*YOUR ASSIGNMENT*
From the records below, output exactly the lines starting at the line with "Kitchen with everything" and ending at the line with "빌보드 렌더링하는 코드입니다.", both of them included, but no pictures.

*EXERCISE MATERIALS*
+++

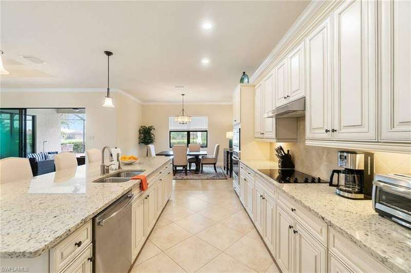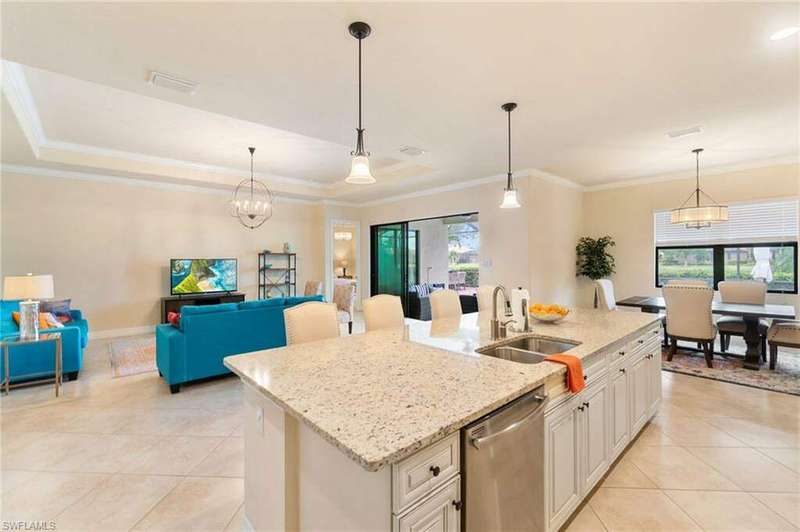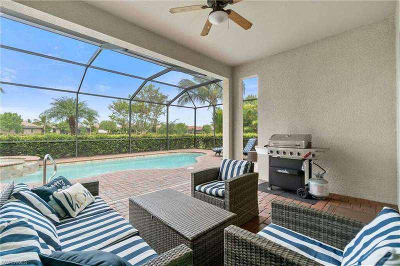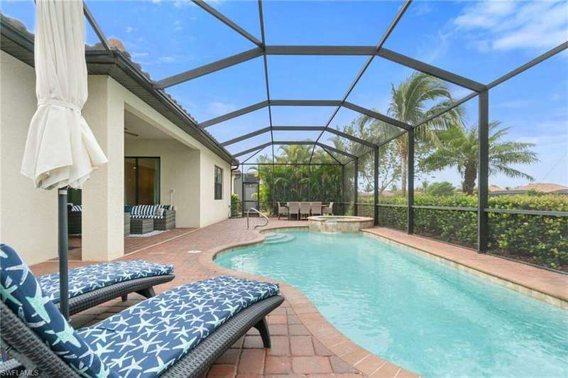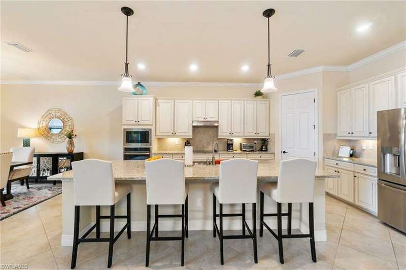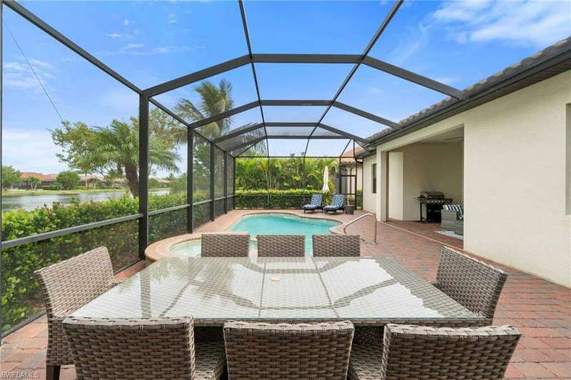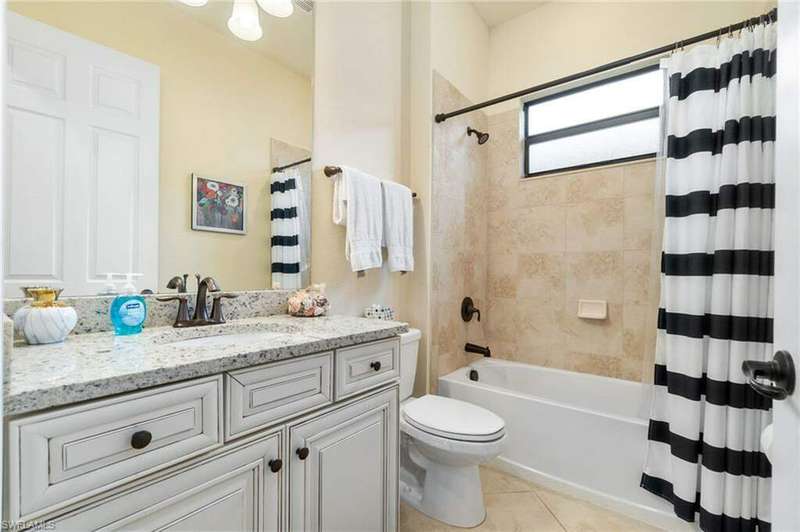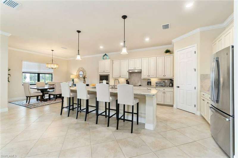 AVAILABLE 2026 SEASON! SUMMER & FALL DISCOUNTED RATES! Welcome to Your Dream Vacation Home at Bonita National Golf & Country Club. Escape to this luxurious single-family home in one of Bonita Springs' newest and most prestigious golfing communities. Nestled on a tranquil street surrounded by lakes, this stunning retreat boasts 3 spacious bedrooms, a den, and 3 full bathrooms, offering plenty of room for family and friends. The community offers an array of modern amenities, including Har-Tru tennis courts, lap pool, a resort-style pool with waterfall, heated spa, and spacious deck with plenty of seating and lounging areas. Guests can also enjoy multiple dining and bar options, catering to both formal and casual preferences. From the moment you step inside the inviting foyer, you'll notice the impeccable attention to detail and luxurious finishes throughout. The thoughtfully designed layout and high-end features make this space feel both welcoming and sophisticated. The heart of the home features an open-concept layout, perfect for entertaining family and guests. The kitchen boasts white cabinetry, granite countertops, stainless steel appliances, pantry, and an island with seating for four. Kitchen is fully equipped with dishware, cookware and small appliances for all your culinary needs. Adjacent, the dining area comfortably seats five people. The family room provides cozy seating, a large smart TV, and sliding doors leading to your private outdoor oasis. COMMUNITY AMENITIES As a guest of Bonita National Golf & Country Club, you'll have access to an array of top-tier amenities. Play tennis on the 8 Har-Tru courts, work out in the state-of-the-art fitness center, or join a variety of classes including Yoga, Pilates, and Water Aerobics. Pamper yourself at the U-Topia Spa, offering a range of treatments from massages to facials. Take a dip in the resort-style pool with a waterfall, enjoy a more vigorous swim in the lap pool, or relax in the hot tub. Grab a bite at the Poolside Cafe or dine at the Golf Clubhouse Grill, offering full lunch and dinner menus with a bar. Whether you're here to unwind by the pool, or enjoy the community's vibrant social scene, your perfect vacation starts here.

+++

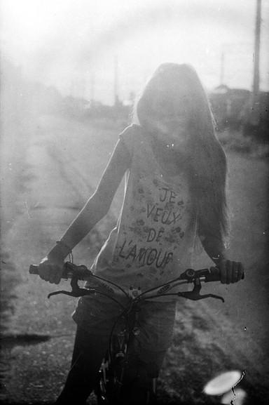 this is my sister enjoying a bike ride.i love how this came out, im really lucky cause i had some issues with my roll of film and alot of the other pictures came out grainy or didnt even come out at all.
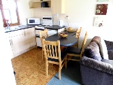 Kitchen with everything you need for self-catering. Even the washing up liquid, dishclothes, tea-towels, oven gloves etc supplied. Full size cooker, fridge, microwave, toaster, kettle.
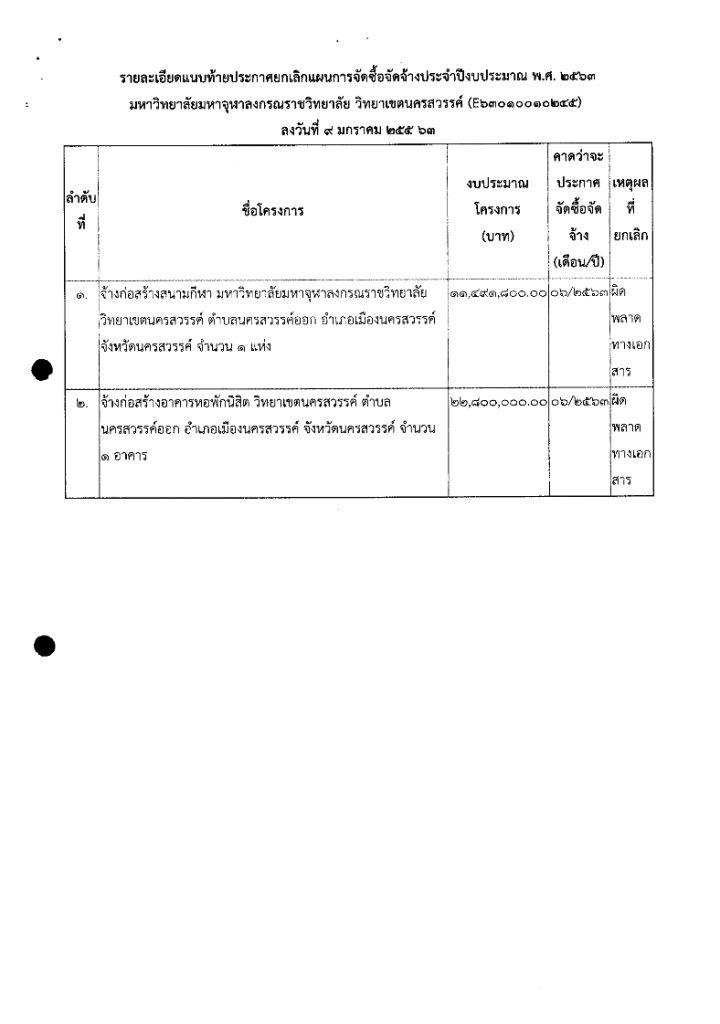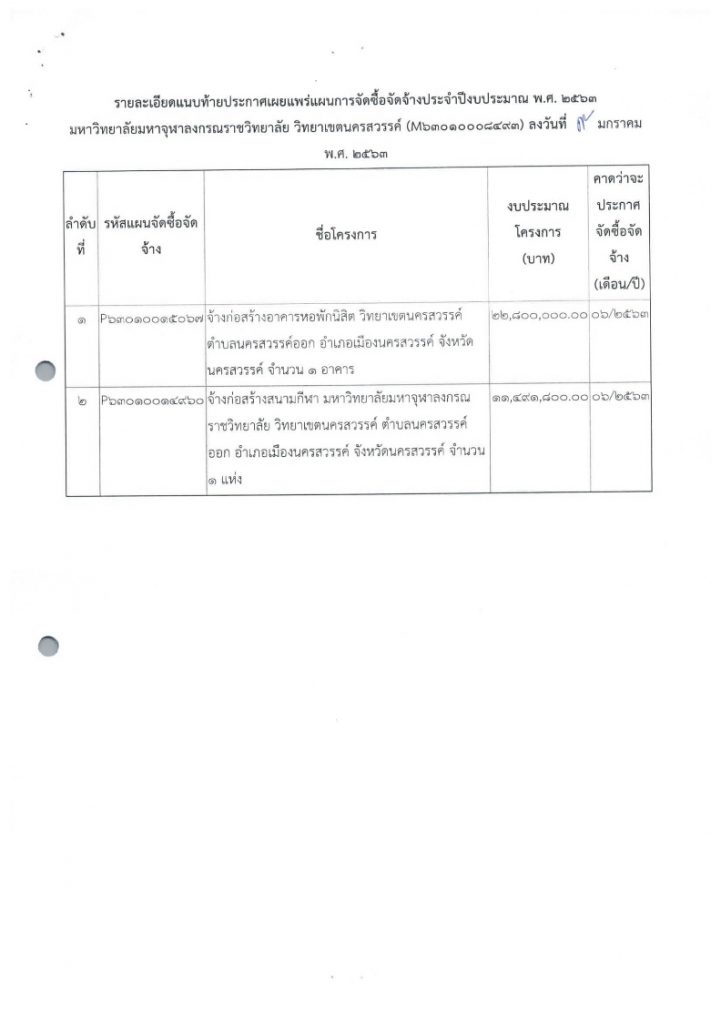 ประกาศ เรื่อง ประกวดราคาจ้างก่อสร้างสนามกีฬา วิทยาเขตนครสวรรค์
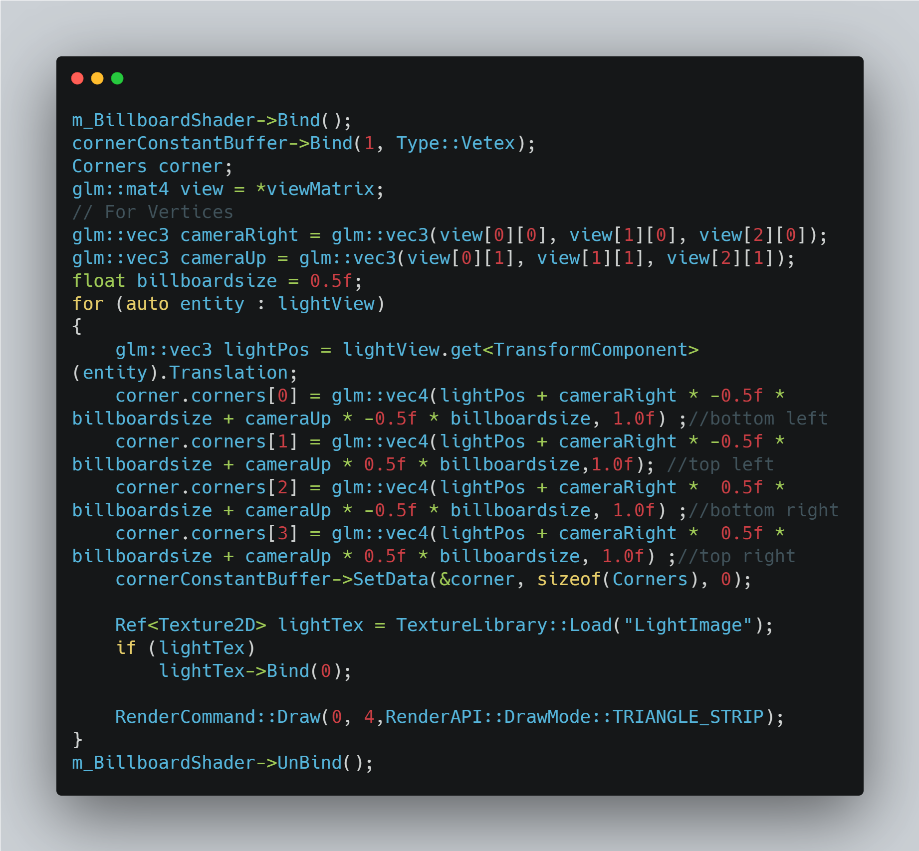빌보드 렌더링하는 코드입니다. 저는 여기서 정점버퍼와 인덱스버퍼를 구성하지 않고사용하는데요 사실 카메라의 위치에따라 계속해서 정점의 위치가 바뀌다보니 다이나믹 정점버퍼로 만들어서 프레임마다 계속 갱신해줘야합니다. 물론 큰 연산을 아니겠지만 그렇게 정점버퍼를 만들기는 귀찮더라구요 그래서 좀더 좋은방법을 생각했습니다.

+++

*TASK SOLUTION*
 Kitchen with everything you need for self-catering. Even the washing up liquid, dishclothes, tea-towels, oven gloves etc supplied. Full size cooker, fridge, microwave, toaster, kettle.
 ประกาศ เรื่อง ประกวดราคาจ้างก่อสร้างสนามกีฬา วิทยาเขตนครสวรรค์
빌보드 렌더링하는 코드입니다. 저는 여기서 정점버퍼와 인덱스버퍼를 구성하지 않고사용하는데요 사실 카메라의 위치에따라 계속해서 정점의 위치가 바뀌다보니 다이나믹 정점버퍼로 만들어서 프레임마다 계속 갱신해줘야합니다. 물론 큰 연산을 아니겠지만 그렇게 정점버퍼를 만들기는 귀찮더라구요 그래서 좀더 좋은방법을 생각했습니다.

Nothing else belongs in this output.